> Task prompt: Take the lines in the listing below from the line with "हिसार टाइम्स –" up to and including the line with "fancy Belgian double" and set them down exactly, skipping pictures and adding nothing.

> Records to use:

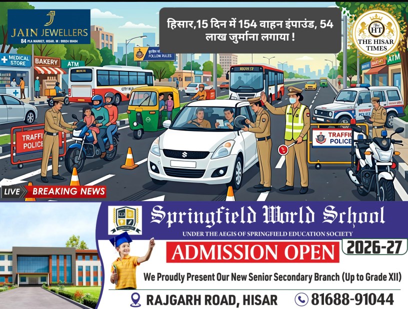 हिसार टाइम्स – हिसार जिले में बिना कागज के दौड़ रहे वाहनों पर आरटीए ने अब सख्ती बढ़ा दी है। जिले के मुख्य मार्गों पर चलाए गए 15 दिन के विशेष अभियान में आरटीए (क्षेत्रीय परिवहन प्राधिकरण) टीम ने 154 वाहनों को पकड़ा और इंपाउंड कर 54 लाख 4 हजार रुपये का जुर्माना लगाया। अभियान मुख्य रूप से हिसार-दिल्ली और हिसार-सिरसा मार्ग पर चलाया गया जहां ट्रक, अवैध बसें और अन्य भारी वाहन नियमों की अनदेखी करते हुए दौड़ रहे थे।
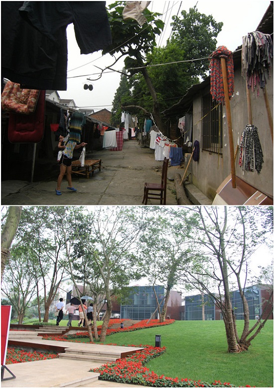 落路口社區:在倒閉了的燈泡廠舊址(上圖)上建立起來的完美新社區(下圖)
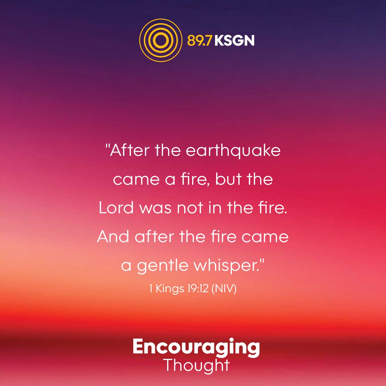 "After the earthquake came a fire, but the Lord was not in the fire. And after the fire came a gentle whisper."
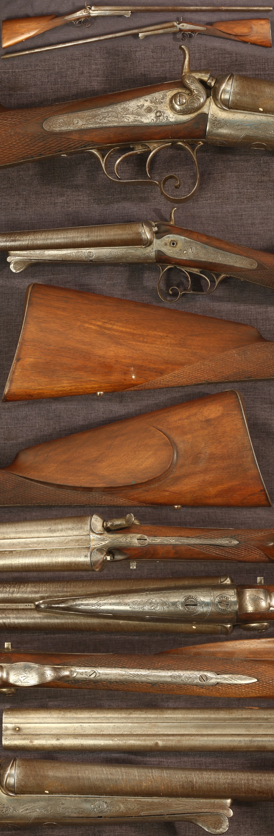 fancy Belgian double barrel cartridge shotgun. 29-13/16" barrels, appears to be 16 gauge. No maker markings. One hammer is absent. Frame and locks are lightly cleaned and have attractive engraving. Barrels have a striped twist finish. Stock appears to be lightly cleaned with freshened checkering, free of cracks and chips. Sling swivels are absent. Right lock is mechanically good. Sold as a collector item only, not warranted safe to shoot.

* * *

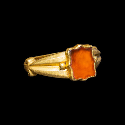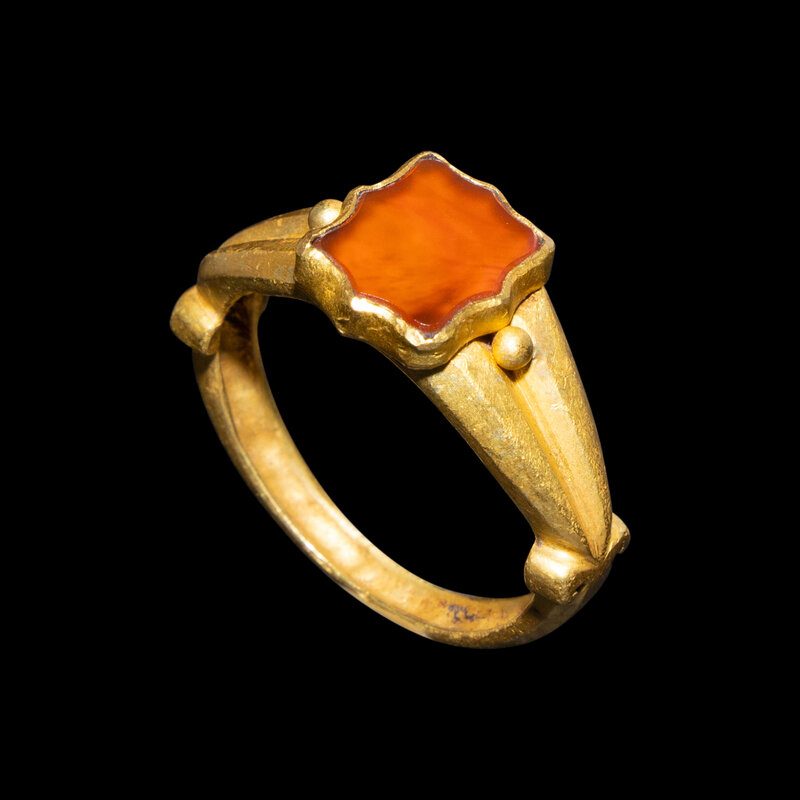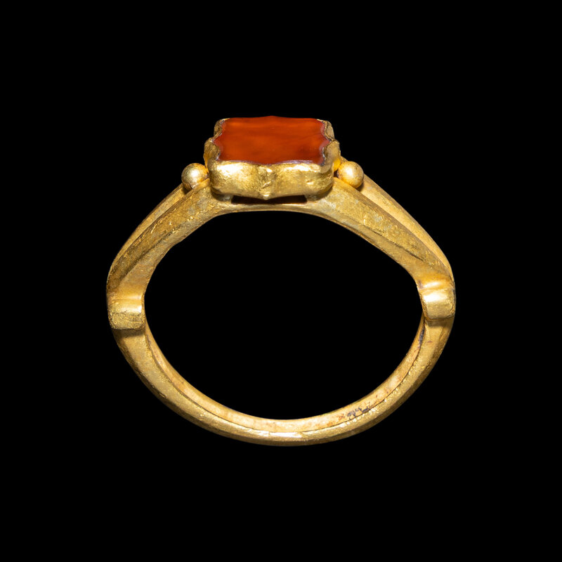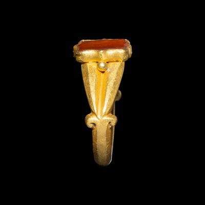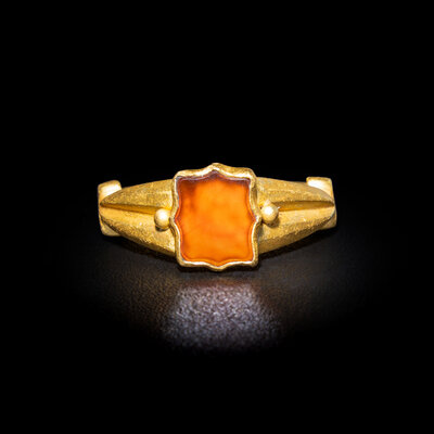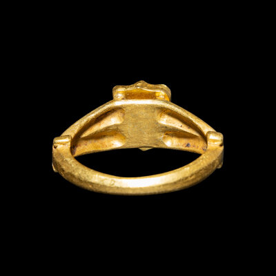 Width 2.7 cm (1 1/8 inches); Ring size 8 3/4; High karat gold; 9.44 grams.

> Solution for this problem:
 हिसार टाइम्स – हिसार जिले में बिना कागज के दौड़ रहे वाहनों पर आरटीए ने अब सख्ती बढ़ा दी है। जिले के मुख्य मार्गों पर चलाए गए 15 दिन के विशेष अभियान में आरटीए (क्षेत्रीय परिवहन प्राधिकरण) टीम ने 154 वाहनों को पकड़ा और इंपाउंड कर 54 लाख 4 हजार रुपये का जुर्माना लगाया। अभियान मुख्य रूप से हिसार-दिल्ली और हिसार-सिरसा मार्ग पर चलाया गया जहां ट्रक, अवैध बसें और अन्य भारी वाहन नियमों की अनदेखी करते हुए दौड़ रहे थे।
 落路口社區:在倒閉了的燈泡廠舊址(上圖)上建立起來的完美新社區(下圖)
 "After the earthquake came a fire, but the Lord was not in the fire. And after the fire came a gentle whisper."
 fancy Belgian double barrel cartridge shotgun. 29-13/16" barrels, appears to be 16 gauge. No maker markings. One hammer is absent. Frame and locks are lightly cleaned and have attractive engraving. Barrels have a striped twist finish. Stock appears to be lightly cleaned with freshened checkering, free of cracks and chips. Sling swivels are absent. Right lock is mechanically good. Sold as a collector item only, not warranted safe to shoot.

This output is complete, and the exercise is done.